» **TO DO**:
If a record holds a picture, please leave the picture out and copy the rest of the record exactly.

-------- EXTRACTED RECORDS

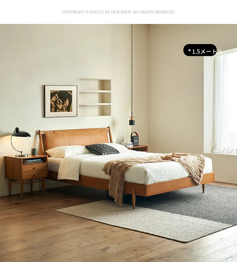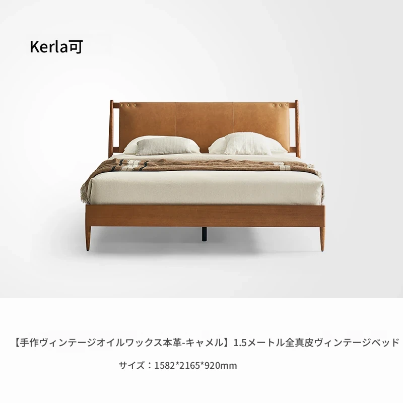 【レトロオイルワックスレザー-キャメル】1.5メートル全真皮レトロベッド 在庫あり
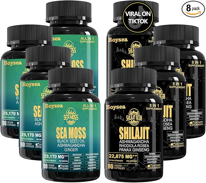 - ★CONVENIENT WELLNESS SOLUTION: Say goodbye to multiple bottles and hello to convenience. Boysea's Shilajit and Sea Moss, Each in his own bottle, provide a comprehensive 8-in-1 and all-in-1 supplement, providing you with an easy-to-carry and consume solution. Enjoy the simplicity of a two-bottle set without compromising efficacy.
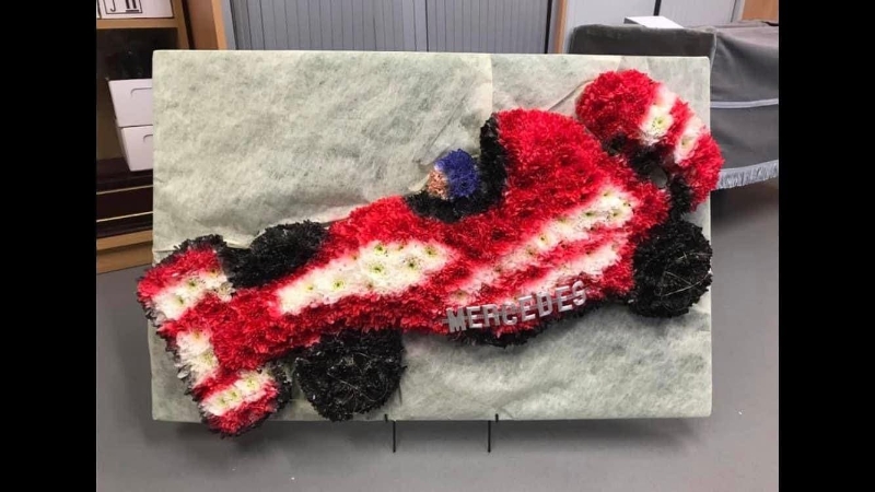 This has been designed on an oasis design board and shaped to form a racing car. Please phone us to discuss your requirments. We can provide any shape you are looking for. Prices will vary.
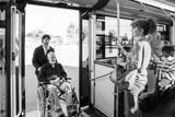 Young man assisting a senior individual in a wheelchair getting onto a public transport bus, showing urban accessibility
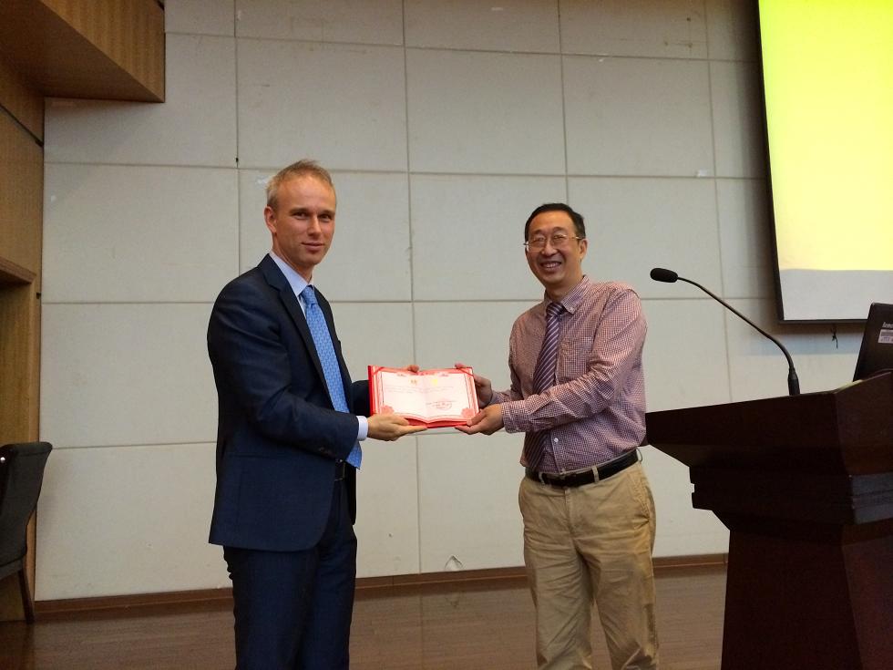 图为2014年10月,国际合作学院院长严晓鹏为David De Cremer教授颁发客座教授聘书
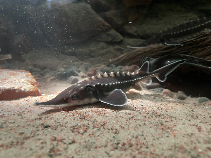 Atlantstör som bor på Vänermuseet innan den ska släppas ut i Göta älv.
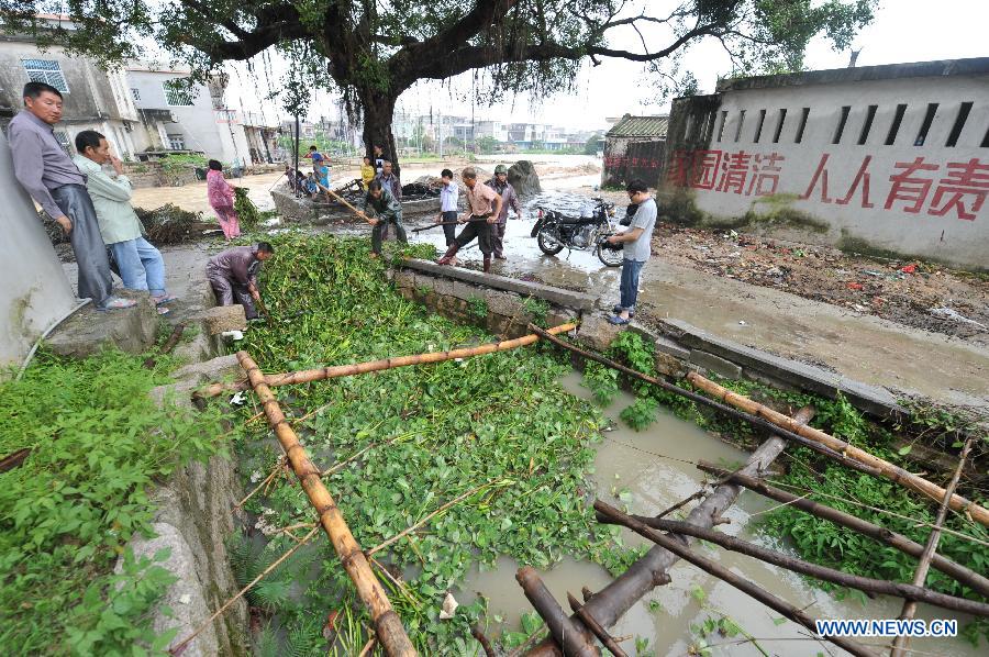 Villagers salvage water lettuce to dredge the waterways in Xiantang Village of Dongqiao Town in Zhao'an County, southeast China's Fujian Province, June 16, 2014. The typhoon Hagibis brought torrential rain to Fujian on Monday. (Xinhua/Lin Shanchuan)

----------------

» **PROBLEM SOLUTION**:
 【レトロオイルワックスレザー-キャメル】1.5メートル全真皮レトロベッド 在庫あり
 - ★CONVENIENT WELLNESS SOLUTION: Say goodbye to multiple bottles and hello to convenience. Boysea's Shilajit and Sea Moss, Each in his own bottle, provide a comprehensive 8-in-1 and all-in-1 supplement, providing you with an easy-to-carry and consume solution. Enjoy the simplicity of a two-bottle set without compromising efficacy.
 This has been designed on an oasis design board and shaped to form a racing car. Please phone us to discuss your requirments. We can provide any shape you are looking for. Prices will vary.
 Young man assisting a senior individual in a wheelchair getting onto a public transport bus, showing urban accessibility
 图为2014年10月,国际合作学院院长严晓鹏为David De Cremer教授颁发客座教授聘书
 Atlantstör som bor på Vänermuseet innan den ska släppas ut i Göta älv.
 Villagers salvage water lettuce to dredge the waterways in Xiantang Village of Dongqiao Town in Zhao'an County, southeast China's Fujian Province, June 16, 2014. The typhoon Hagibis brought torrential rain to Fujian on Monday. (Xinhua/Lin Shanchuan)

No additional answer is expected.